Tackling Everest
BY THE time you are reading this, we will probably still be surrounded by boxes; we should be safely over the Pennines, however, and settling into our new vicarage.
I’m writing this in a pause from the frenetic packing. I have given up trying to sort things, and am now heaving everything into the boxes, hoping that the bottom won’t fall out and that the packing tape can hold the whole kit and caboodle together.
This technique is proving satisfyingly speedy in dealing with the Everest of “stuff” that remains in the boys’ rooms. They have been good about getting home to help at weekends, but packing has occasionally had to take second place to other forms of filial support.
Brief encounter
“HERE we go,” Number 2 Son sighed. I looked up to see a man bearing down on us with a rather unsteady gait, face alight with the fragile geniality of the inebriated. “Big sister!” the man boomed. “Big sister, you’re great, you are!”
It was late on a hot Saturday evening, and Number 2 Son and I were in the revamped Accident and Emergency Unit of our local hospital, and “great” was not among the feelings I was experiencing. It has been many years since I worked in A&E in the old Royal Infirmary, Edinburgh, but some things, as they say, never change — including the cast of characters to be found in such a waiting room on a summer Saturday evening.
The worried parents with the sick child; the barbecue casualties nursing burns; the high-heeled revellers with twisted ankles; the “high as a kite” and coming down fast; and, of course, the “worse for wear”, such as the man staggering his way towards us.
After a rambling discourse on how great the staff were in our A&E, as opposed to those in the one in the city near by, he paused, and said: “They tell me I have to stop drinking; so when I get home I’m going to have two tinnies, and then, tomorrow, I’m going to stop.”
The look in his jaundiced eyes told me that this was a promise he had made to himself and others many times before.
Cry of recognition
WHY, you may be wondering, were Number 2 Son and I in A&E in the first place? It had been a hot day, and I was watering the plants I’ve been growing to take with us to our new parish; I plan to plant them in front of what will be my mother’s bedroom window.
Unfortunately, as I moved the hose around the different trays and pots, I didn’t realise that I was being stalked. Our dog has something of an obsession with hoses; so I usually leave her safely in the house when I use ours. This particular evening, somebody must have let her out. As I turned around, the dog launched herself at the nozzle of the hose, and clamped her jaws down on my hand.
Number 2 Son came to investigate the commotion, and drove me to the hospital, staying with me until I was discharged — bandaged, tetanus-proofed, and full of antibiotics.
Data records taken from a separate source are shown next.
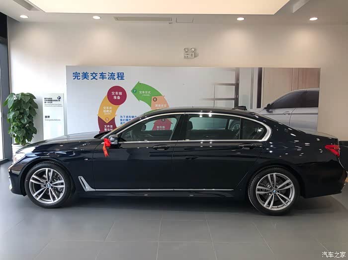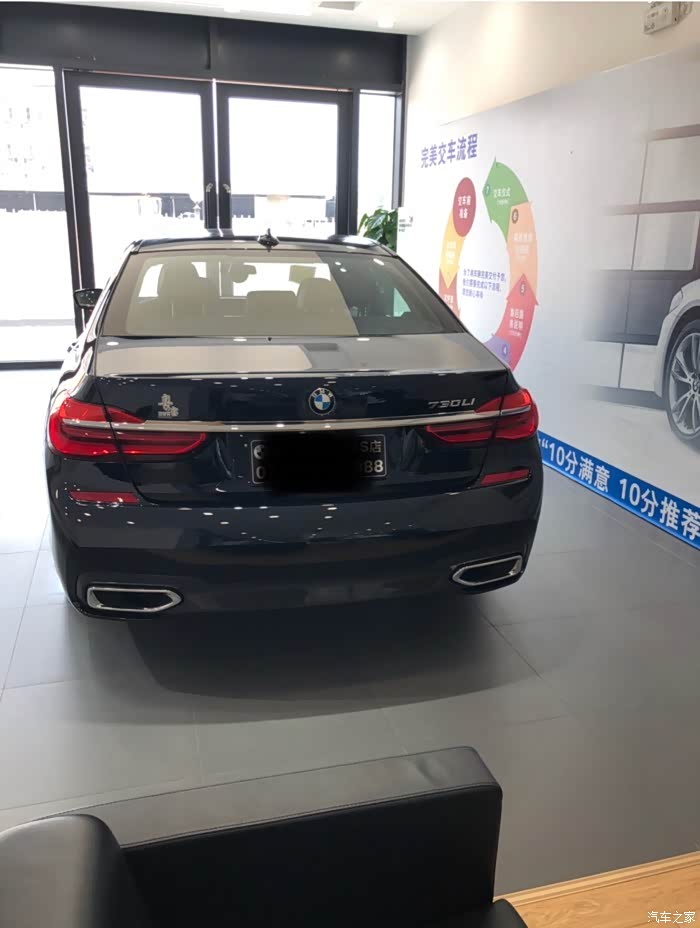 最喜欢的就是车的外观 因为我六月份才满21 还没大学毕业 又非常喜欢这类D级轿车 所以不希望有太老土的外观 原来考虑过中东版的7系 看了中规以后感觉中东版简直没法看 而且中规有运动套件和M的轮毂 销售说买中东想改一套运动套件也要几万 考虑到以后保养也方便 就提了中规 在买之前原来想选滨海湾灰色 但是我妈觉得这种颜色巨丑 我不想要黑色 因为觉得黑色像开我爹的车 年轻人嘛还是比较虚荣 当时想的是为了保值率买黑色然后自己去贴车身改色膜再换个副厂的760轮毂 然后销售告诉我副厂轮毂很不安全而原厂的我的车型选配不了 那就作罢 本来已经准备好提黑色了 猛一下看到了店里淘汰下来的试驾车 嗯 炭黑色 真的很特别 远看像黑色 阳光下是蓝色 很符合年轻人的气质 当时就和家里确定了要这个颜色 也算一步到位了 不用再折腾改颜色和轮毂的事情。
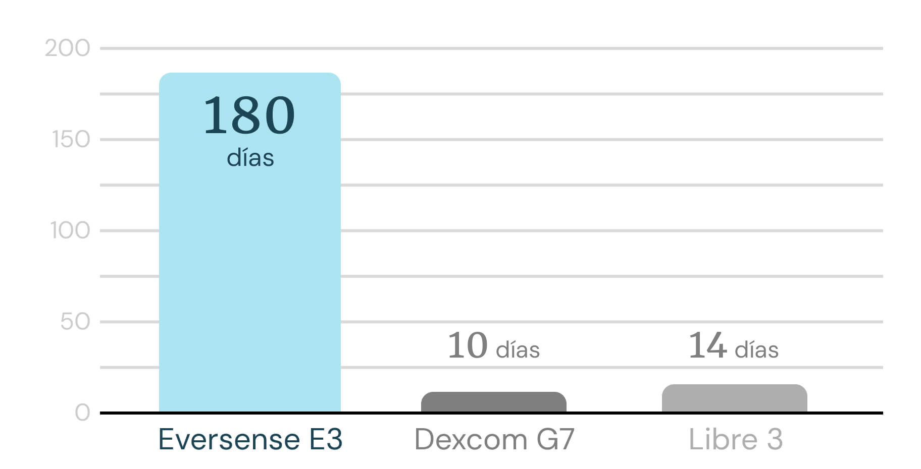 No deje que las interrupciones causadas por los MCGs de 7-14 días sean la razón por la que sus pacientes tienen lagunas en el uso. El sistema Eversense E3 le proporciona los datos que necesita y a sus pacientes la tranquilidad que se merecen.
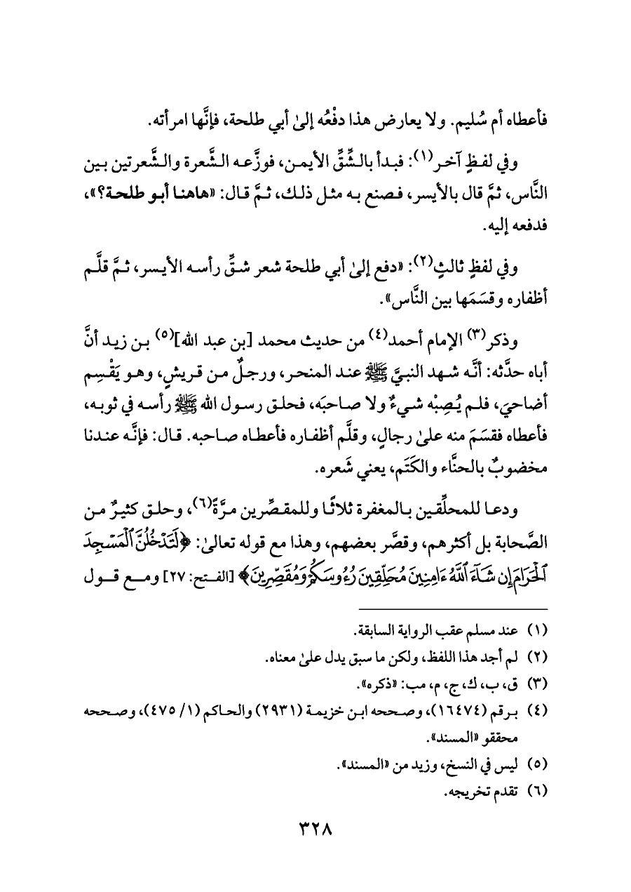 وذكر (¬٣) الإمام أحمد (¬٤) من حديث محمد [بن عبد الله] (¬٥) بن زيد أنَّ أباه حدَّثه: أنَّه شهد النبيَّ - صلى الله عليه وسلم - عند المنحر، ورجلٌ من قريشٍ، وهو يَقْسِم أضاحيَ، فلم يُصِبْه شيءٌ ولا صاحبَه، فحلق رسول الله - صلى الله عليه وسلم - رأسه في ثوبه، فأعطاه فقسَمَ منه على رجالٍ، وقلَّم أظفاره فأعطاه صاحبه. قال: فإنَّه عندنا مخضوبٌ بالحنَّاء والكَتَم، يعني شَعره.

As we walked back to the car, I heard a shout of “Sister!”
I confess that my heart sank a little at the thought of continuing the waiting-room conversation: all I wanted to do was get home. Hearing footsteps rushing up behind me, I turned to see a different man approaching. This one was twinkling with excitement.
“Sister — I thought it was you. You won’t remember me,” he panted; “you delivered our first child.”
As he spoke, I began to remember them: a young couple, totally smitten with each other, and with their daughter when she finally arrived after a long labour. “Orinoco Flow!” I cried, and he laughed; this was the Enya song they had played over and over again during the labour.
It emerged that they had just had baby number four: a healthy boy. “He was a bit of a surprise, to be honest,” said the father, beaming with obvious delight. “We never thought we’d be back here again.”
I hadn’t, either, but this encounter cheered me up; although the reminiscing that it sparked on the drive home may not have had the same effect on my very patient Number 2 Son.
Plague of one frog
“THERE’s something in the study!” My husband rushed into the sitting room, where I was constructing a “leaning tower of Kildwick” by stacking packed boxes in an already crowded alcove.
He had been sorting out his study, and had seen a sudden movement out of the corner of his eye, but couldn’t find whatever it was. Hoping that it was a mouse, but fearing it might be one of the humongous spiders that all our shifting of furniture has disturbed, we went to investigate, and found — a frog.
Quite how he had found his way into the house, we have no idea, but we were happy to see him: he was easier to catch than a mouse, and much less fearsome than a spider.
LOL at leaving
I HAVE discovered one unfortunate consequence of my “chuck-it-all-in” packing technique: somewhere in one of the boxes is a toy sound-effects machine that, at the slightest movement, releases a burst of raucous laughter.
Unpacking is not an option; so it seems that the soundtrack to our departure will be laughter. Given my husband’s weakness for bad jokes, perhaps it’s not a bad way to leave.
Elizabeth Figg is married to the Vicar of Kildwick, near Keighley.